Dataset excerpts

--- START ---

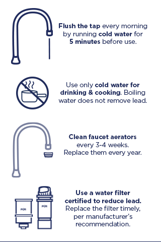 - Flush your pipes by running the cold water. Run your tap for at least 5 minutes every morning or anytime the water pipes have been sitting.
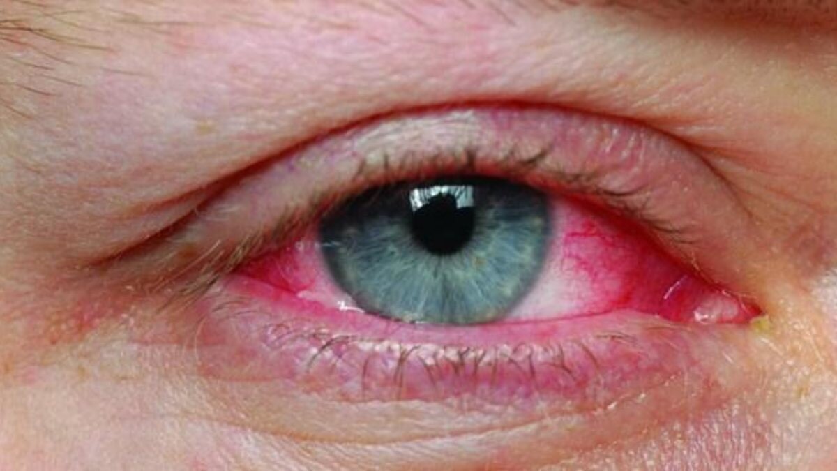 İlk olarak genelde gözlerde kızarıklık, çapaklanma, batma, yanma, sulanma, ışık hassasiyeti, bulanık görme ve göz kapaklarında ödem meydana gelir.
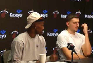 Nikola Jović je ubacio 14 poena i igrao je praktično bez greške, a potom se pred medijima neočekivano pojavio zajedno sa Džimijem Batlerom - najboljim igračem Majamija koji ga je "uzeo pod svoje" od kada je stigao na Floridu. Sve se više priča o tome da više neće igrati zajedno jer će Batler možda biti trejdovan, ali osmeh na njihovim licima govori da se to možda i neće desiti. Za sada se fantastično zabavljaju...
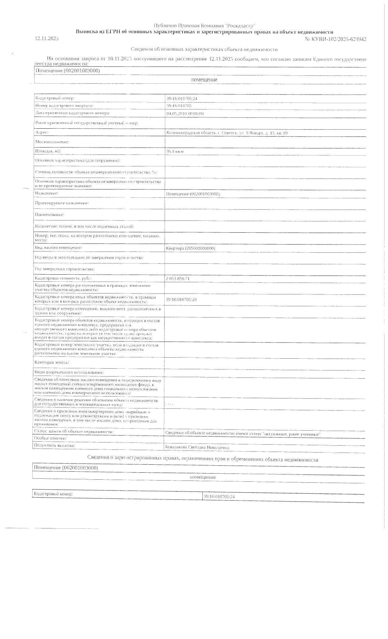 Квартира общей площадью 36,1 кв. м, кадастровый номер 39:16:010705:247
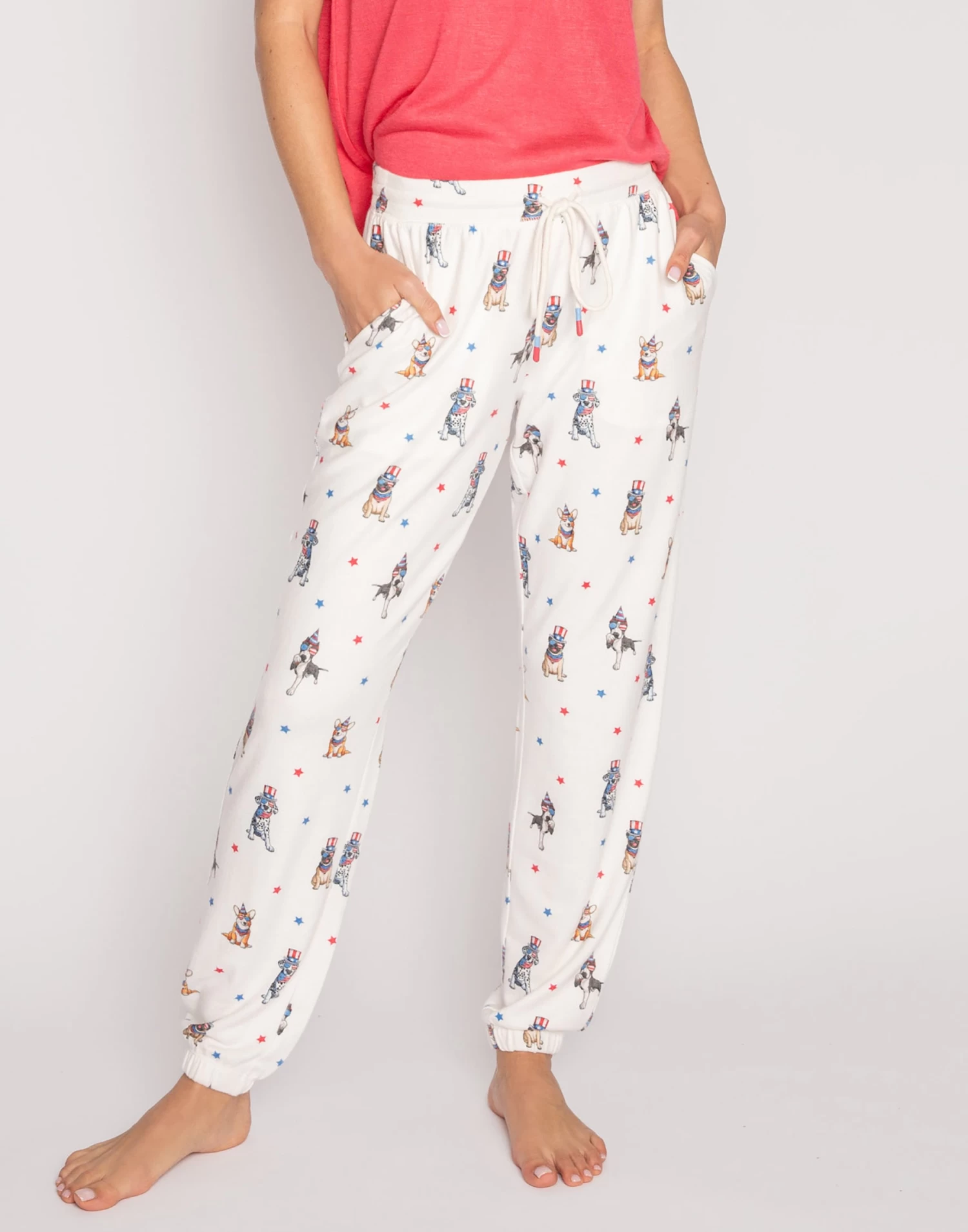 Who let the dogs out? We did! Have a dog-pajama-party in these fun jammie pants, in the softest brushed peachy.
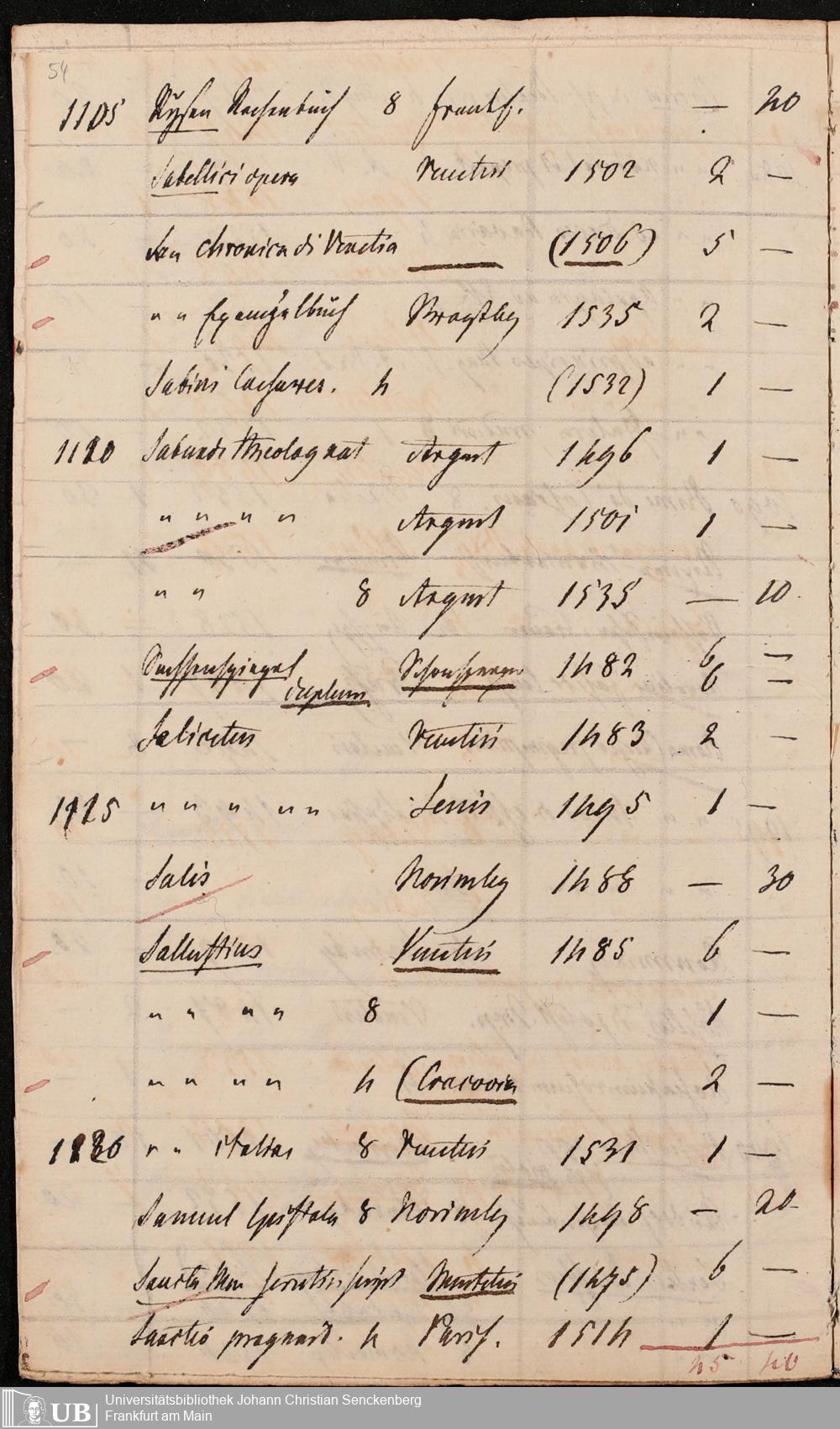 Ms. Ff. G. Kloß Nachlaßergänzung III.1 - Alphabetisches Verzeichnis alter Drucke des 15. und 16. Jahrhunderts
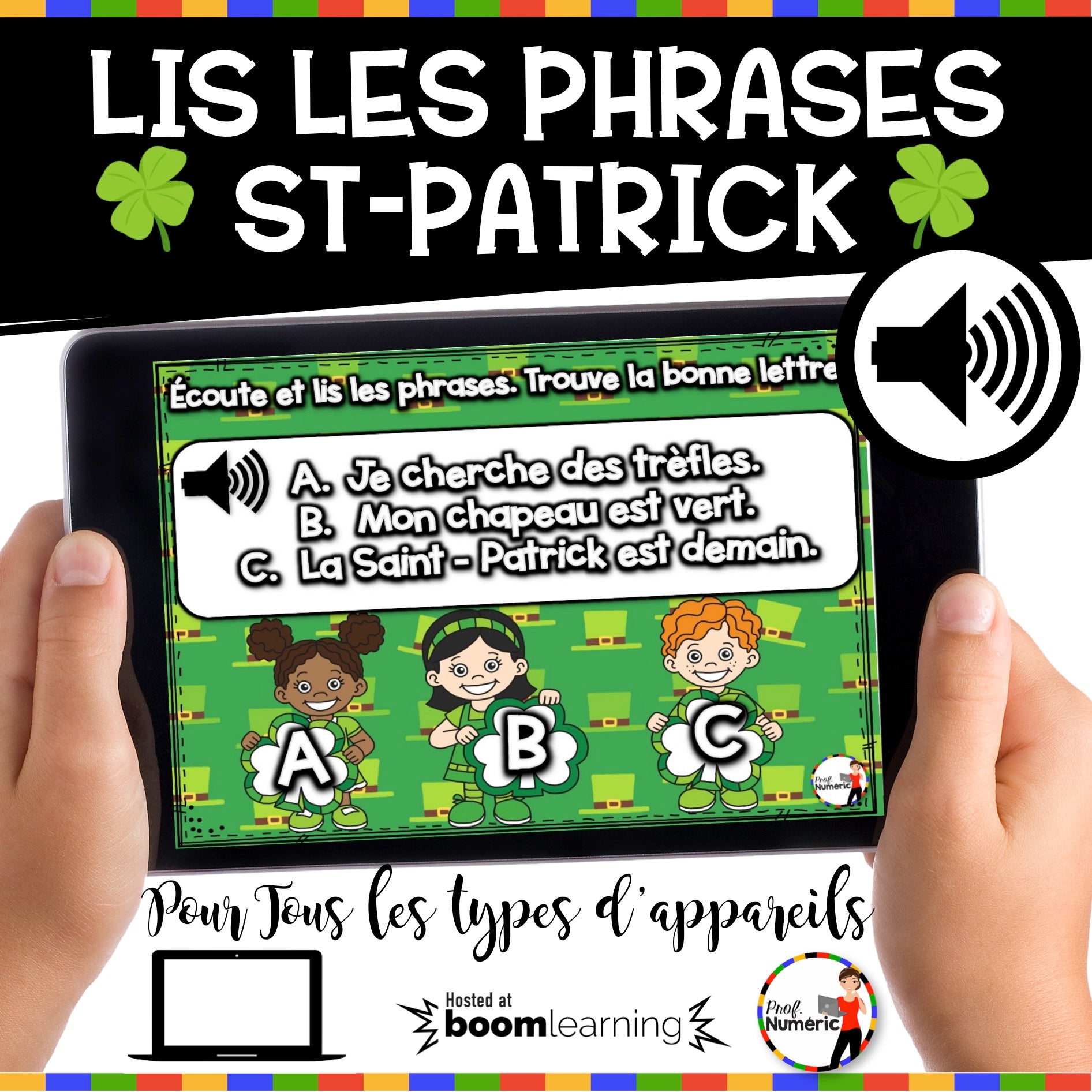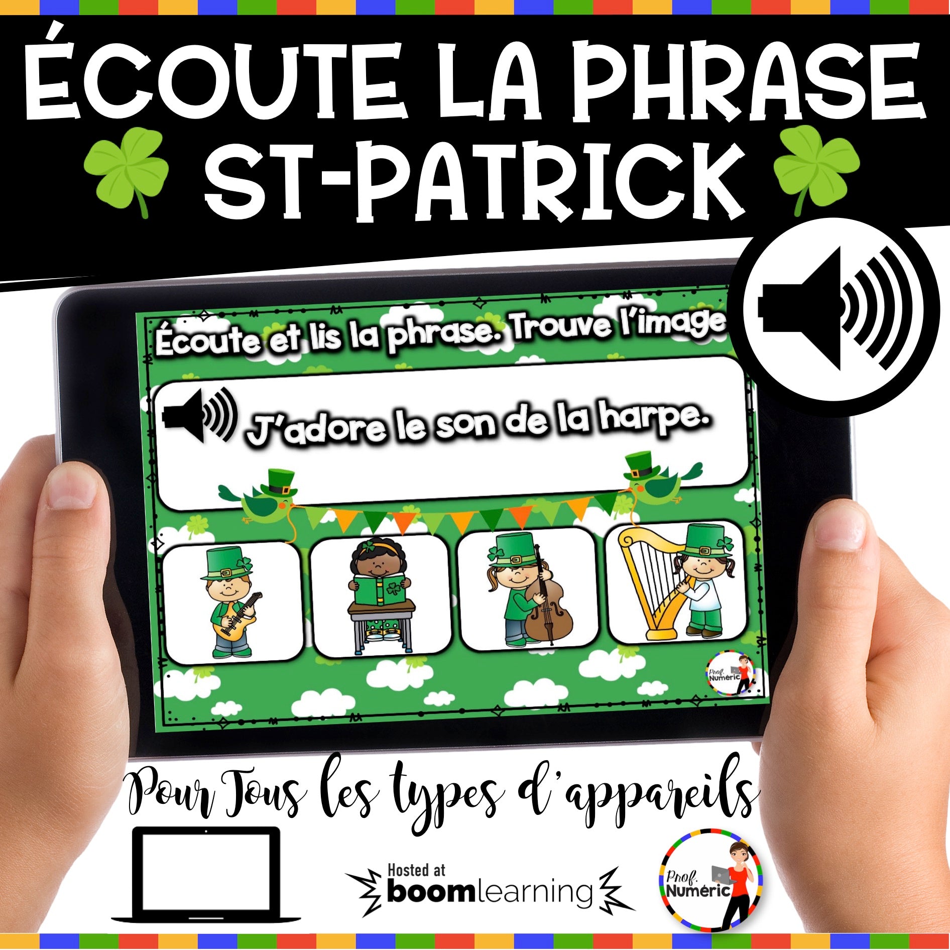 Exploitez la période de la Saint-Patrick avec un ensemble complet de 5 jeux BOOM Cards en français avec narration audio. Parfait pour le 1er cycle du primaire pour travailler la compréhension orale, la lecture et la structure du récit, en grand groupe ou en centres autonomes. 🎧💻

--- END ---

- _EXERCISE DIRECTIONS_
Word for word, copy the lines from the one with "Квартира общей площадью" through the end of the entries above, and do not include any picture.

- _ANSWER TO THIS TASK_
 Квартира общей площадью 36,1 кв. м, кадастровый номер 39:16:010705:247
 Who let the dogs out? We did! Have a dog-pajama-party in these fun jammie pants, in the softest brushed peachy.
 Ms. Ff. G. Kloß Nachlaßergänzung III.1 - Alphabetisches Verzeichnis alter Drucke des 15. und 16. Jahrhunderts
 Exploitez la période de la Saint-Patrick avec un ensemble complet de 5 jeux BOOM Cards en français avec narration audio. Parfait pour le 1er cycle du primaire pour travailler la compréhension orale, la lecture et la structure du récit, en grand groupe ou en centres autonomes. 🎧💻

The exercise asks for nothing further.